Frame header is replaced by some other kind of header. It’s not free, but it can be made more compact, by using “implied” environmental limitations.

This API was published for closed dataset, such as database engines, where there is no need for external interactions (everything is filtered, internal representation doesn’t matter).
So, for Mercurial, I’m not sure if it’s a good choice.
But better know that it’s an available option.


>  Reusing zstd compression and decompression "contexts" can make a significant difference to performance. Having a reusable "compressor" object that allows "context" reuse should increase performance for zstd.
----------------------------------------------------------------------------------------------------------------------------------------

That’s a very important observation.
Indeed, keeping a working context “alive” and re-using it in successive operations can make a significant runtime difference when compressing or decompressing multiple small data blobs.
The main idea is that it re-uses existing resources, and saves several initialization steps, which can end-up costing a significant fraction of total operation (for small data).
Re-using a context can be difficult though, because it must be kept around between operations, and sometimes existing code does not allow such concept.
We have observed this issue in some git experiments for example.
Re-starting from scratch at each operation reduces the speed benefits Zstandard could provide compared to zlib on small data.

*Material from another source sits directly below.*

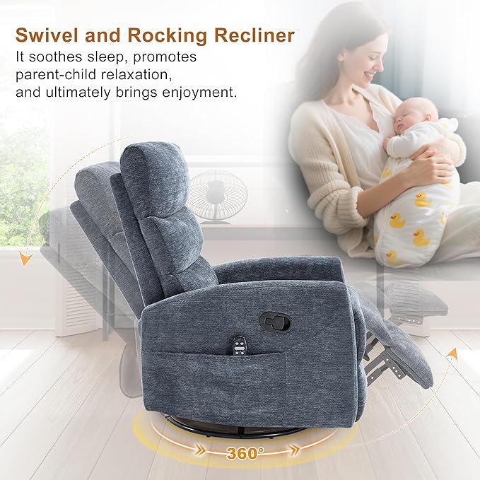 - [Affordable Quality] The swivel glider recliner is overstuffed with Medium-density sponge to provide you with great softness. The manual swivel rocking chair is upholstered with high-quality fabric, which is durable and breathable, with a good touching.

>  I'm considering per-revlog settings for the compressors.
--------------------------------------------------------------------------------

It totally makes sense.
Different data types react differently to the heuristics selected in compression level tables.
Sometime higher level is much more efficient, sometimes it’s barely better at all.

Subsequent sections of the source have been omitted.